REQUIREMENT: Begin your copy at the line with "H&M White & Blue Striped One-Piece Swimsuit" in the records below and end it at the line with "また、4・5・6年生は、スク", restating each line word for word; omit the pictures.

PROVIDED INFORMATION:
>>>>>

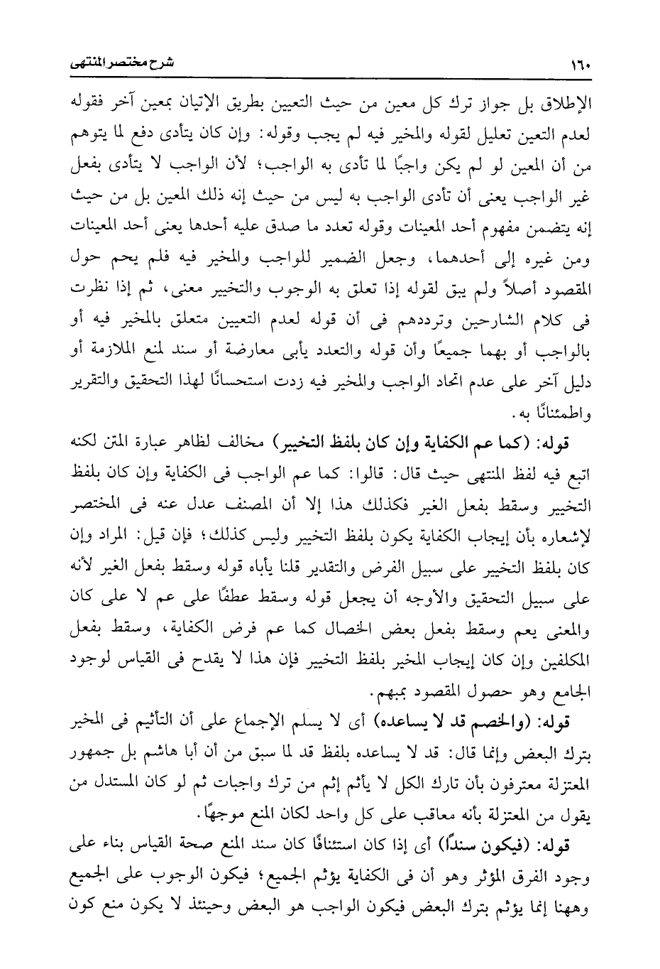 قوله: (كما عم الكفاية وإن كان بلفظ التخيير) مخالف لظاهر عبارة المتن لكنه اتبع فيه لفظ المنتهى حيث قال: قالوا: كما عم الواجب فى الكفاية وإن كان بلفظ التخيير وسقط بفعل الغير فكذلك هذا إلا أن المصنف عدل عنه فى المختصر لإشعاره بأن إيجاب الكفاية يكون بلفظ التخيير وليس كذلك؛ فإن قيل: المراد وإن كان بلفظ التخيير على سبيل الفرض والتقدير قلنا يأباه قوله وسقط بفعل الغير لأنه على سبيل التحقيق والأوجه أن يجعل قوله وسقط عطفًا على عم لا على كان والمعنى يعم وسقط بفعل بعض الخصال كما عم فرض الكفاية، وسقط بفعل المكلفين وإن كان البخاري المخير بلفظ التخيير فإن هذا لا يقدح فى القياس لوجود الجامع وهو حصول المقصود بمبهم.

<<<<<
>>>>>

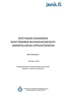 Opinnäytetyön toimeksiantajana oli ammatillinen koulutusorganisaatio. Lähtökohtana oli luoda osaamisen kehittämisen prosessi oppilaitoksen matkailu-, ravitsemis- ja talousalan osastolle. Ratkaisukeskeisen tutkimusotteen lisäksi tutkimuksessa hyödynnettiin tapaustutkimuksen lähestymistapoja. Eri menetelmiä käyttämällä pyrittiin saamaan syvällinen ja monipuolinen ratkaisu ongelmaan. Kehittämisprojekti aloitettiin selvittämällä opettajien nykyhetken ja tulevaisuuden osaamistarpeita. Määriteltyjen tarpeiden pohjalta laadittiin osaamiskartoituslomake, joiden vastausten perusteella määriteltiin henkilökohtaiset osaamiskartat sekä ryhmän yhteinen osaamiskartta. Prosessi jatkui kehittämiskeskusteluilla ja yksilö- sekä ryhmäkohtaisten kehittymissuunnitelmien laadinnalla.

<<<<<
>>>>>

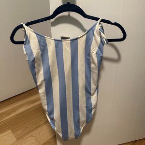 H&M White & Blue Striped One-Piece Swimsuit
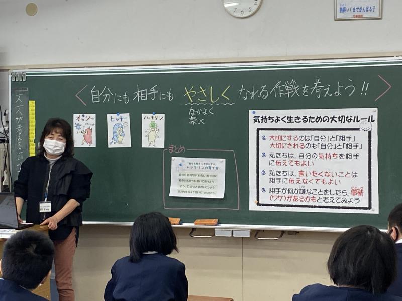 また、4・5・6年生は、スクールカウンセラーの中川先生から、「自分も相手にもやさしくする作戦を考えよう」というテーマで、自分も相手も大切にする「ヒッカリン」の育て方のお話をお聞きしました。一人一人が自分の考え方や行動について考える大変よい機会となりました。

<<<<<

SOLUTION FOR THIS EXERCISE:
 H&M White & Blue Striped One-Piece Swimsuit
 また、4・5・6年生は、スクールカウンセラーの中川先生から、「自分も相手にもやさしくする作戦を考えよう」というテーマで、自分も相手も大切にする「ヒッカリン」の育て方のお話をお聞きしました。一人一人が自分の考え方や行動について考える大変よい機会となりました。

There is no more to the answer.